#### Ensemble Learning

This kind of learning takes into consideration different algorithms and different set of training data to build the model. 

1.  In here our model creates multiple models , as an example suppose one individual is planning to buy a car , and the person has a specific choice of car.
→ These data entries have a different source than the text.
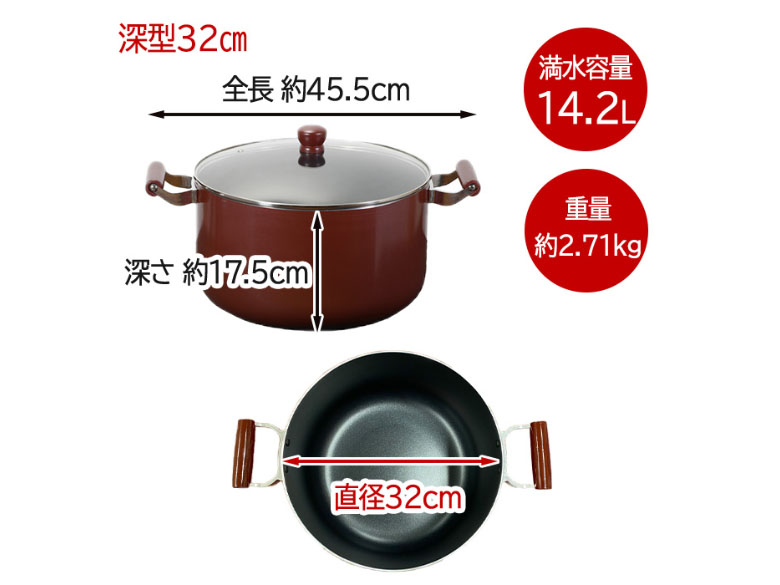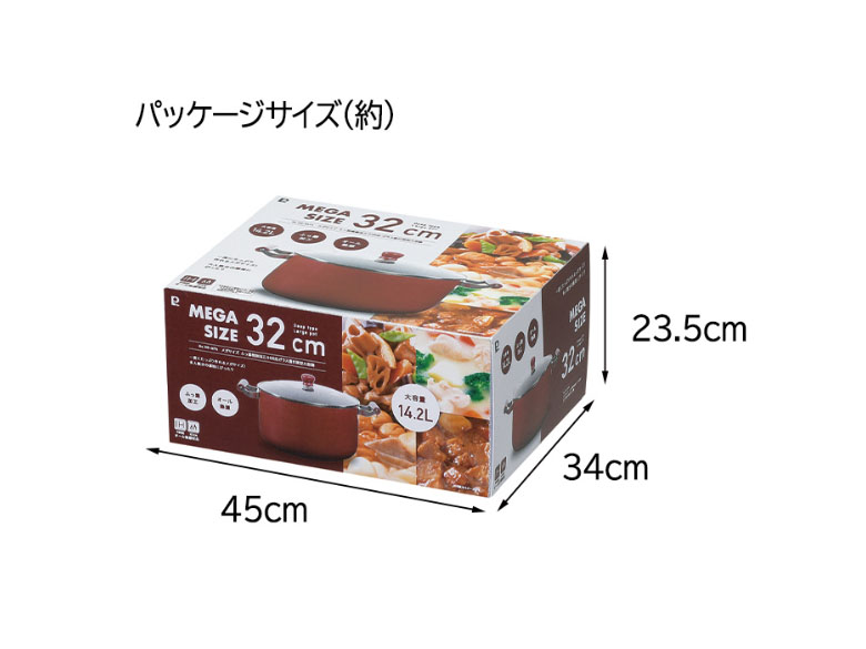 | サイズ/寸法 | 鍋直径 32cm 深さ 17.5cm 商品サイズ 幅45×奥行34×高さ23.5cm |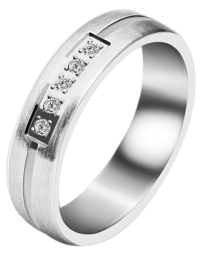 Feito de aço inoxidável de alta qualidade, nosso anel feminino tem acabamento fosco e prateado e simboliza estabilidade e união. Cinco pedras simil são apresentadas na superfície fosca, dando ao anel um toque de brilho. Disponível em vários tamanhos, de 50 a 62, este anel de parceiro oferece o ajuste perfeito para cada dedo. Com largura de 5 mm e espessura de 2 mm, oferece uma presença sutil e um ajuste confortável. O anel é curvado, o que o torna ainda mais confortável de usar. A possibilidade de gravação torna-a uma joia especial, que apresenta idealmente a união de duas pessoas.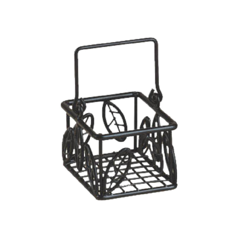 The American Metalcraft SBL353 Sugar Packet Basket is a meticulously crafted accessory designed to enhance the organization of sugar packets in a variety of settings. Measuring 3-1/2 inches in length, 2-3/4 inches in width, and 2-1/4 inches in height, this basket is compact yet practical, making it suitable for use in cafes, restaurants, and home dining tables. Featuring a distinctive leaf design, this basket adds a touch of elegance to any tabletop setting. Constructed from durable wrought iron, it boasts a sturdy build that ensures long-lasting use. The black finish of the basket provides a sleek and modern aesthetic, seamlessly fitting into diverse decor styles. Notably, this product requires hand washing, emphasizing its handcrafted appeal and the care needed to maintain its quality. The American Metalcraft SBL353 Sugar Packet Basket serves as a functional and decorative element, appealing to hospitality industry professionals and home entertainers alike who seek both utility and style in their serving accessories.
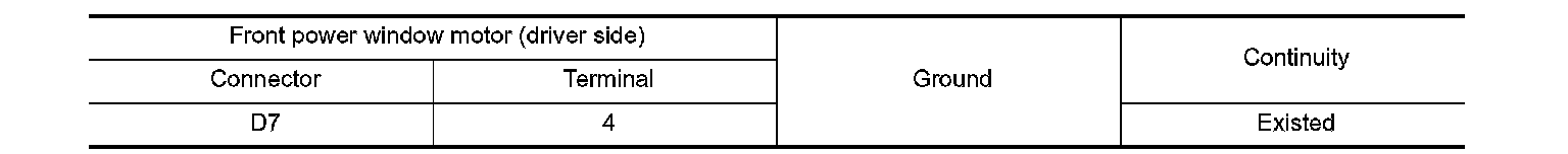 2.Check continuity between front power window motor (driver side) harness connector and ground.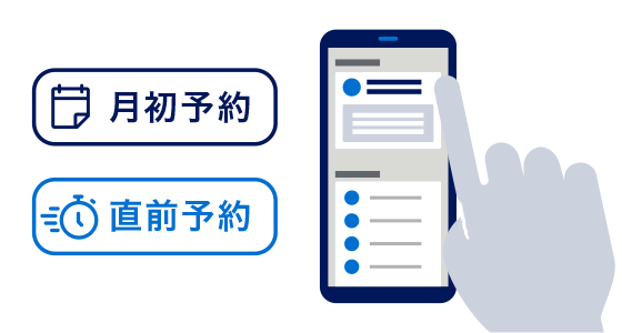 「月初予約」または「直前予約」いずれかで予約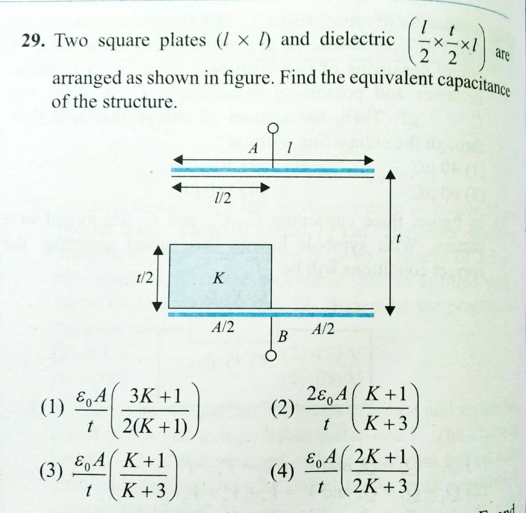 Two squares plates ( l x l ) and dielectric [1/2 x t/2 x l ] are arranged as shown in figure. Find the equivalent capacitance of the structure. Two squares plates ( l x l ) and dielectric [1/2 x t/2 x l ] are arranged as shown in figure. Find the equivalent capacitance of the structure. November 8, 2020 Category: Uncategorised (JEE Advanced Physics by BM Sharma + GMP Solutions) , Facebook Messenger WhatsApp Share this:TwitterFacebook Related
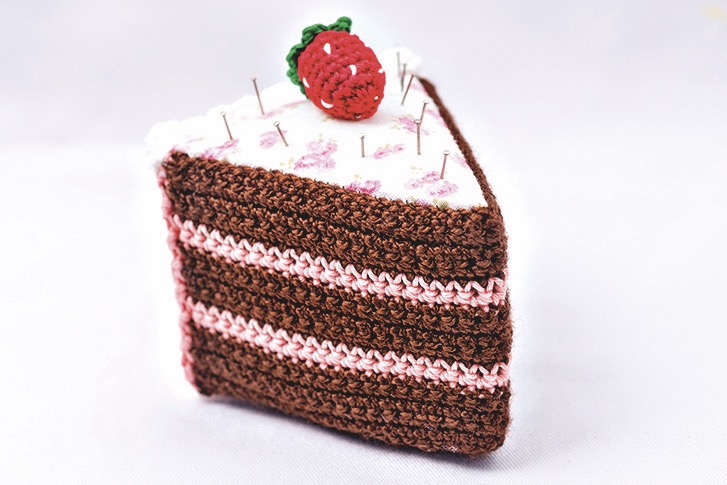 Další tip, jak vyrobit jehelníček, kterému nebude chybět vtip! Polštářek do šití v designu háčkovaného čokoládového dortíku s jahůdkou navrchu. Jehly pak budete zapichovat do horní části, kterou tvoří látka.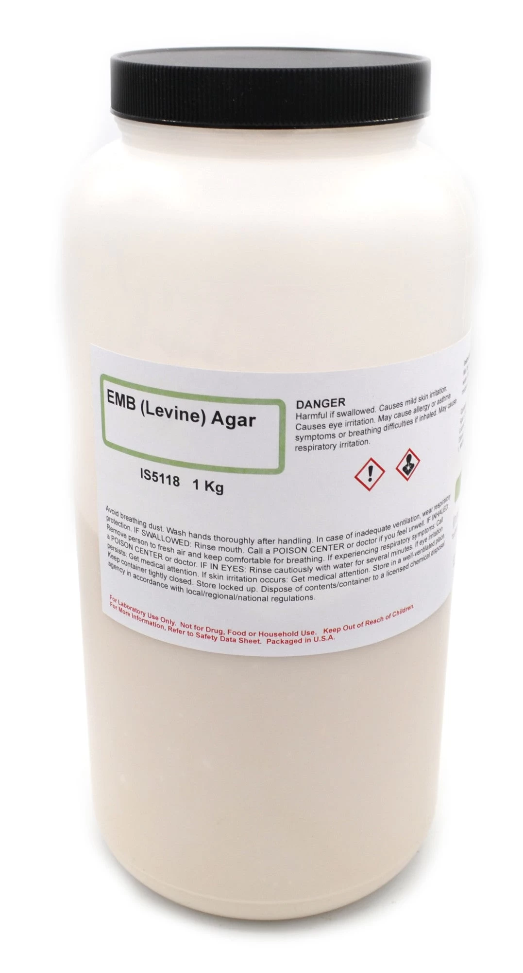 1000 grams of EMB (Levine) agar, used to select for gram-negative bacteria and differentiate between lactose-fermenting and non-fermenting species. Agar comes dehydrated in a plastic open-mouth bottle for convenient storage. Each bottle makes 27 L of growth medium. Each bottle comes with an SDS, providing safe handling and storage information.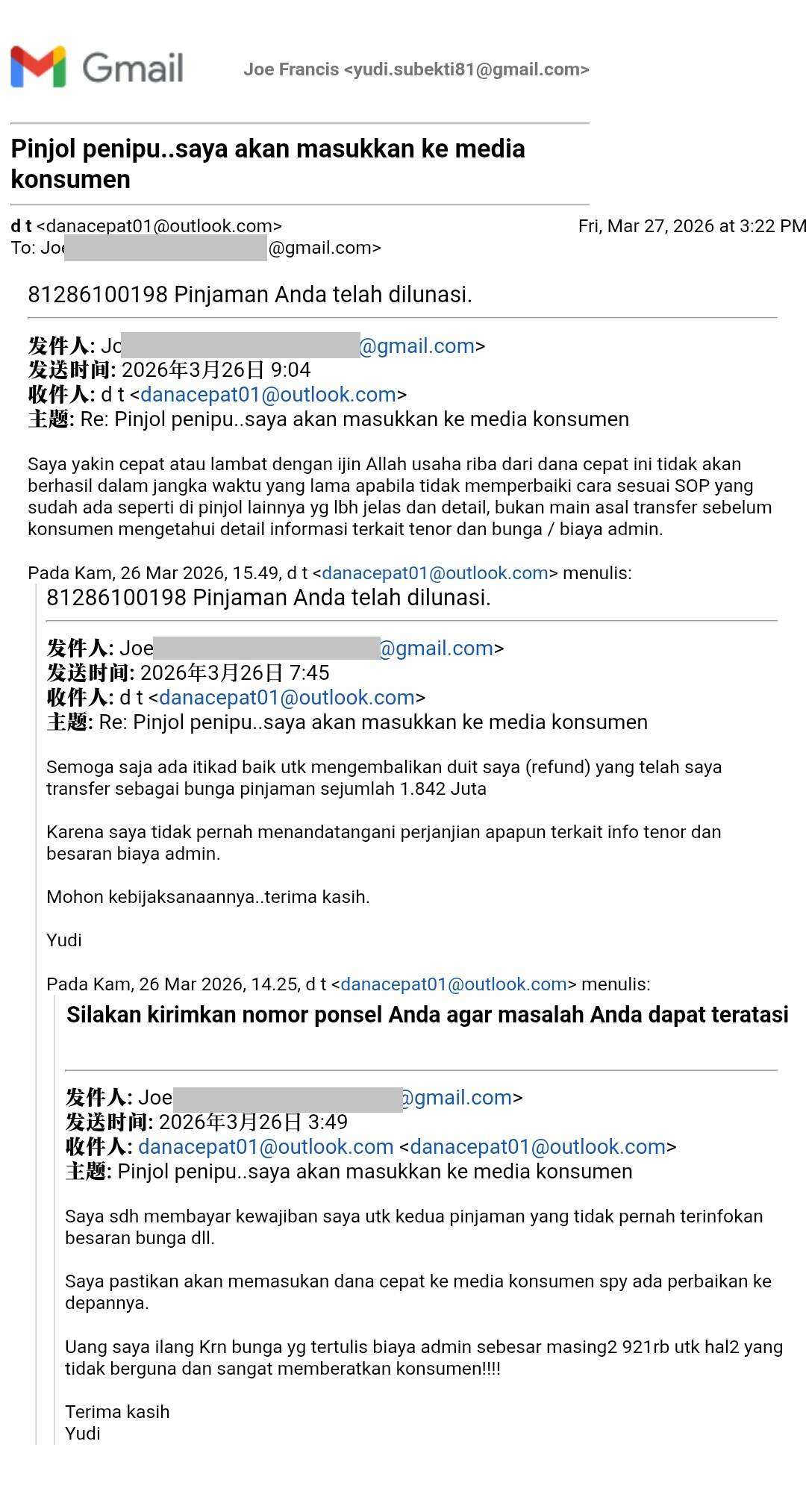 Demikian saya sampaikan dan semoga dapat menjadi pembelajaran semua pihak, dan mohon untuk OJK kembali mengevaluasi pinjol Dana Cepat ini karena perjanjian yang dibuat tidak sesuai peraturan yang berlaku.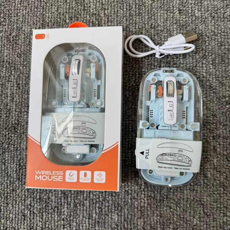 투명 무선 블루투스 3모드 무소음 마우스 충전식 자석 창의적 선물 사무용 마우스 공장 프로모션스토어 가기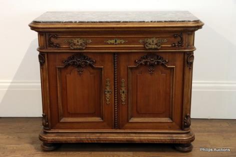 A FRENCH MARBLE TOP WALNUT SIDEBOARD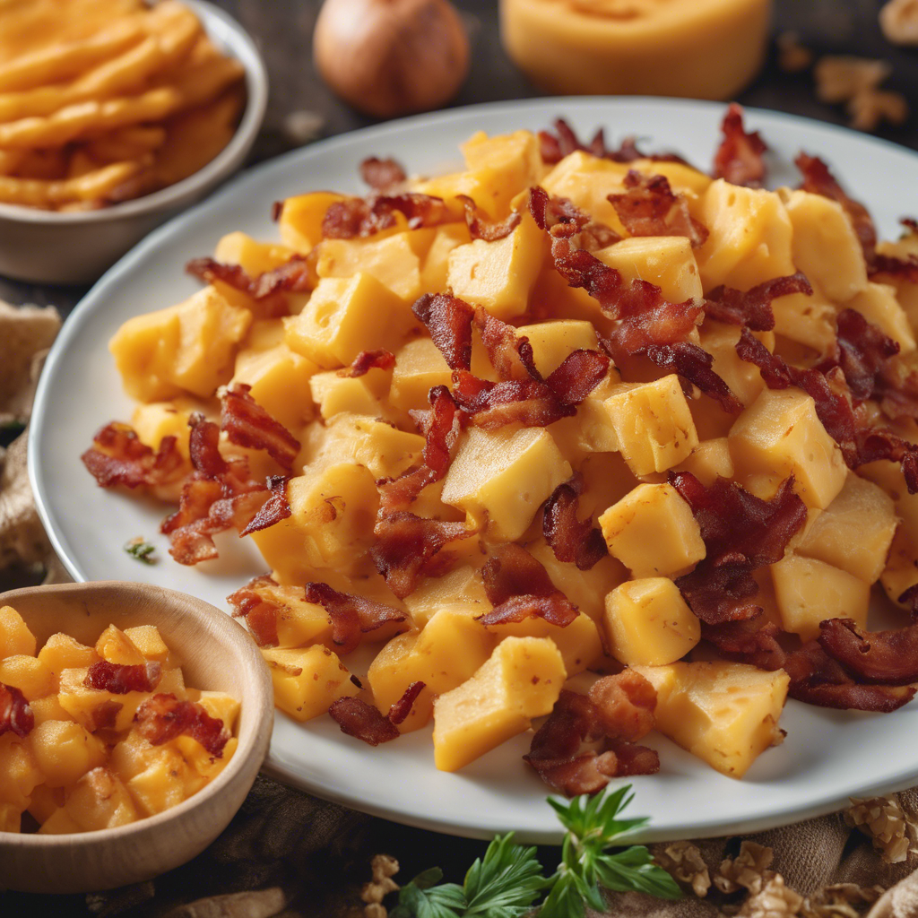 Cheddar Cheese Home Fries with bacon bits is a hearty and indulgent dish that has its roots in American diner cuisine. The crispy, golden-brown home fries are infused with the rich, sharp flavor of cheddar cheese and the savory goodness of bacon bits. This dish has become a staple on breakfast and brunch menus across the United States, loved for its comforting and satisfying flavors. One of the earliest mentions of Cheddar Cheese Home Fries with bacon bits can be traced back to diners in the Midwest during the mid-20th century. Chefs in these bustling, no-frills eateries sought to create a dish that would appeal to the hearty appetites of their patrons, and thus the combination of crispy home fries, melted cheddar cheese, and savory bacon bits was born. Today, this dish can be found on menus in diners and breakfast joints throughout the country, with each chef adding their own unique twist. Some may opt for thick-cut bacon, while others might use a blend of different cheeses to elevate the flavor profile. The key to a perfect Cheddar Cheese Home Fries with bacon bits lies in achieving the ideal balance of crispy, tender potatoes, gooey melted cheese, and the smoky, salty goodness of the bacon. For those seeking the best version of this dish, diners in the Midwest and Southern regions of the United States are renowned for their mastery of Cheddar Cheese Home Fries with bacon bits. The combination of hearty, down-home cooking and a love for bold flavors makes these regions a prime destination for experiencing this classic dish at its finest. Whether enjoyed as a standalone breakfast delight or as a side dish to accompany eggs and toast, Cheddar Cheese Home Fries with bacon bits is a beloved comfort food that continues to hold a special place in the hearts of diners and food enthusiasts alike.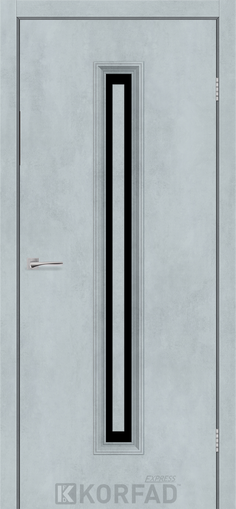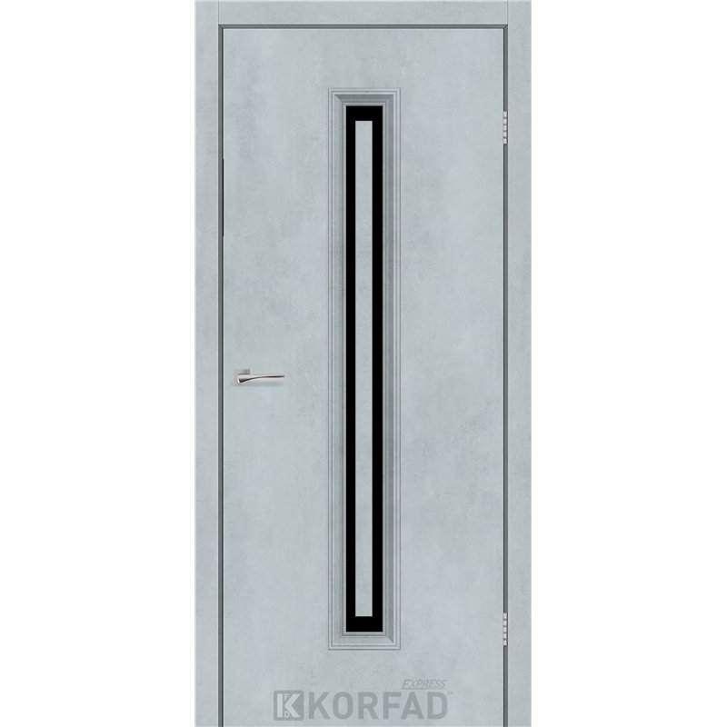 Межкомнатные двери KORFAD EXPRESS GLASS-02 Цемент Светлый Черное стекло, простые и надежные двери от фабрики Korfad (Украина), изготовленные по европейским стандартам качества.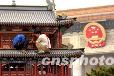 中新网9月25日电 天安门广场国庆花坛摆放工程将在今天完成。北京青年报报道说,中外游客将在天安门广场一睹“三峡大坝”、“万里长城”。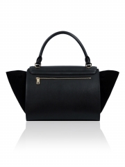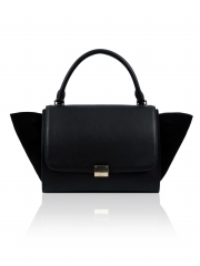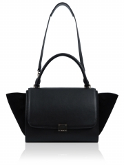Кожаная сумка Trapeze CELINE имеет интересное, привлекающее внимание, сочетание цветов и фактур. На черном основании из гладкой кожи располагается бежевый кожаный клапан. Боковые стороны выполнены из зеленой замши. Они преобразуют прямоугольную форму сумки в трапецию. Бежевая гладкая ручка дополняется съемным длинным ремешком. Застегивается эта модель на два замка. Чтобы получить доступ к содержимому, нужно сначала открыть золотистую защелку, верхняя часть которой откидывается вниз. Под клапаном расположена молния. Интерьер кожаный. Большое отделение дополнено внутренним кармашком. На наружной стороне имеется большой карман на молнии.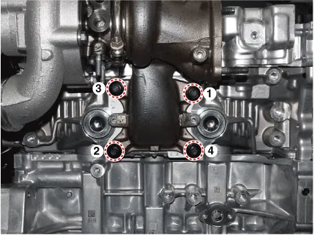Repair procedures Removal and Installation1.Remove the Turbocharger & Exhaust Manifold.(Intake And Exhaust System - "Exhaust Manifold")On-vehicle InspectionTurbocharger Diagnostic Flow If any problem related with turbocharger, such as lack of engine power, poor acceleration, abnormal engine noise or oil leaks, may occur, check the turbocharger according to the procedure as follows.
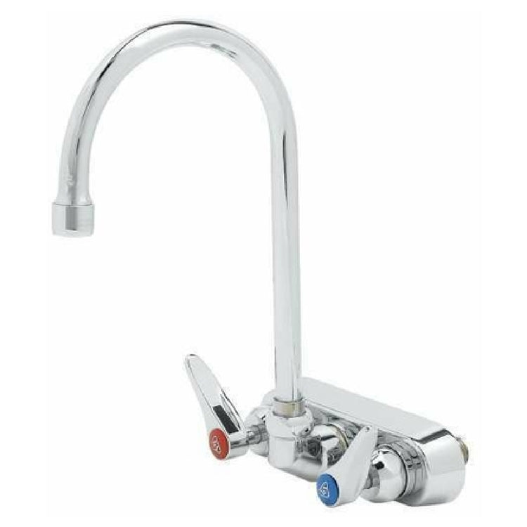 The T&S Brass B-1146-CR-WS Workboard Faucet Wall Mount 4" Centers is a meticulously engineered plumbing fixture designed for commercial settings that require reliability and efficiency. This wall-mounted faucet features a 5-3/4" swivel gooseneck nozzle, which includes a lock washer to convert the unit to a rigid configuration, providing adaptability based on specific needs. With a flow rate of 1.5 GPM, the faucet ensures water conservation without sacrificing performance. The quarter-turn Cerama cartridges are equipped with check valves, enhancing durability and preventing backflow, which is critical for maintaining water quality in professional environments. The lever handles come with color-coded indexes, facilitating effortless operation and ensuring compliance with ADA standards for accessibility. Furthermore, the faucet is fitted with 1/2" NPT male inlets, ensuring compatibility with a wide range of plumbing setups. The thoughtful design and robust construction of the T&S Brass B-1146-CR-WS make it a versatile choice for various industry segments, including restaurants, laboratories, and industrial kitchens, where precision and dependability are paramount. Its blend of functionality and compliance with industry standards underscores its value in demanding environments.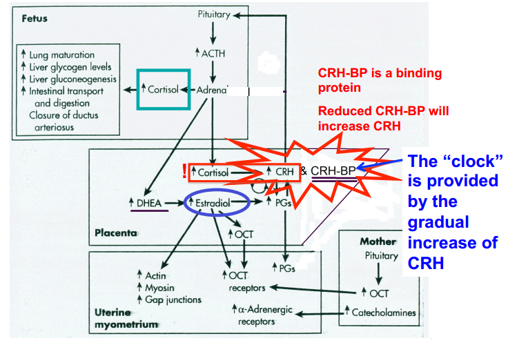 A binding protein synthesized by the placenta keeps CRH levels low. When the levels of this protein decreases CRH levels rise and cause the effects discussed.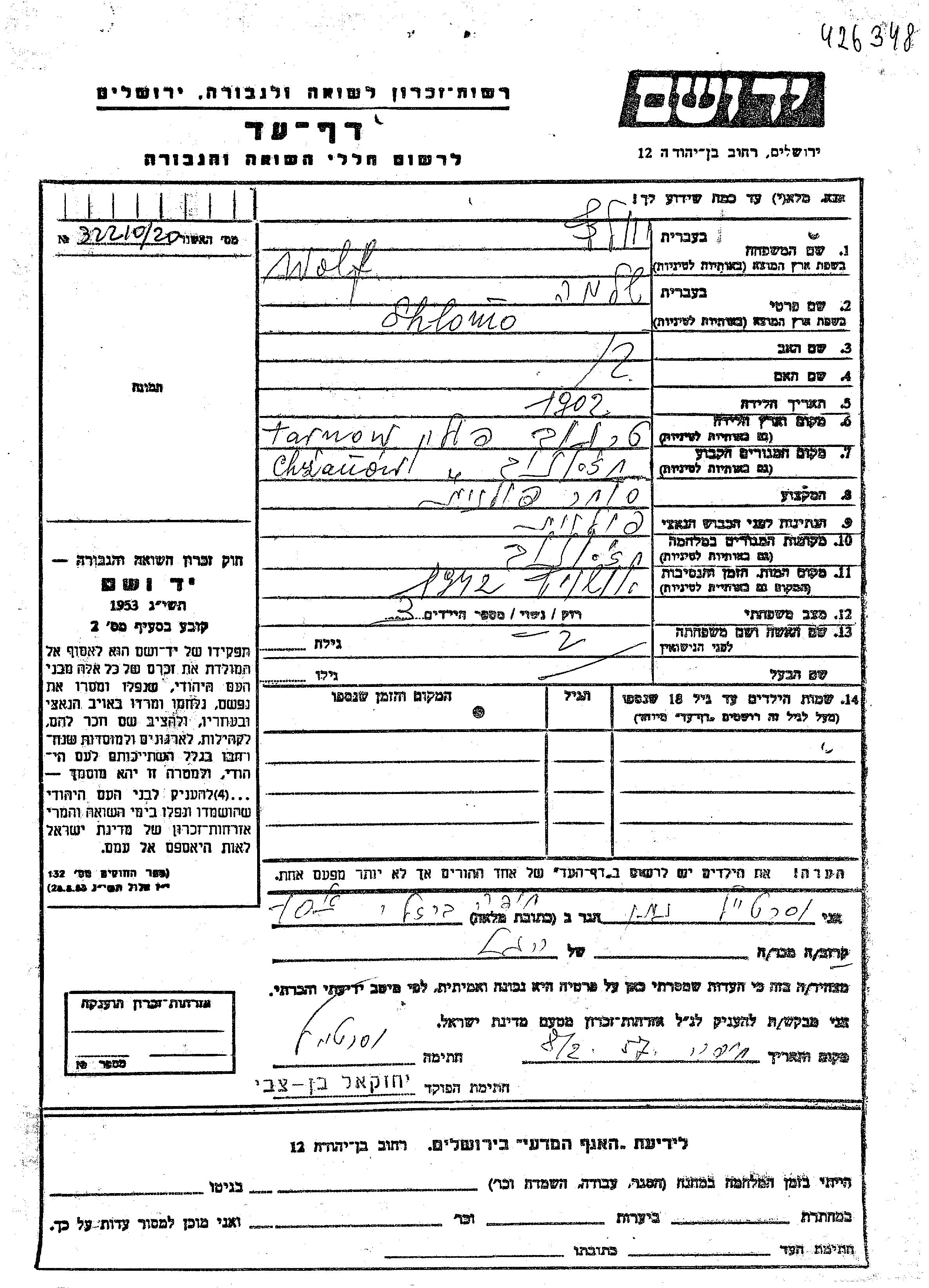 Shlomo Wolf was born in Tarnow, Poland, 1902. He was a merchant and married. Prior to WWII he lived in Chzanow, Poland. During the war he was in Chzanow, Poland. Shlomo was murdered in the Shoah. Place of death: Auschwitz, Poland, 1942.

Suppose that model is "Honda City"
2.  Now the individual will go and ask for feedbacks for that particular car from multiple people.
3.  Some will say yes to Honda City , some will say no to Honday city , so multiple decisions will come into picture.
4.  Our model will iterate through this all this decision and based on precision , accuracy etc , it will get us the best possible decision.
5.  Now to look into this in machine learning perspective , the multiple people who are being asked about the decision can use multiple algorithms , as some can use KNN , some can use logistic regression , some can use SVM etc etc , this is one kind of ensemble learning.
6.  Another pattern would be using the same algorithm , suppose Logistic regression but using different training data set from the main master data set to conclude with a final result.
7.  This different models using different algorithms are called learners.

In [5]:
# Random Forest Implementation
# Pandas is used for data manipulation
import pandas as pd
# Read in data and display first 5 rows
features = pd.read_csv('temps.csv')
features.head(5)

Unnamed: 0,year,month,day,week,temp_2,temp_1,average,actual,friend
0,2016,1,1,Fri,45,45,45.6,45,29
1,2016,1,2,Sat,44,45,45.7,44,61
2,2016,1,3,Sun,45,44,45.8,41,56
3,2016,1,4,Mon,44,41,45.9,40,53
4,2016,1,5,Tues,41,40,46.0,44,41


Following are explanations of the columns:

*   year: 2016 for all data points
*   month: number for month of the year
*   day: number for day of the year
*   week: day of the week as a character string
*   temp_2: max temperature 2 days prior
*   temp_1: max temperature 1 day prior
*   average: historical average max temperature
*   actual: max temperature measurement
*   friend: your friend’s prediction, a random number between 20 below the average and 20 above the average

In [6]:
print('The shape of our features is:', features.shape)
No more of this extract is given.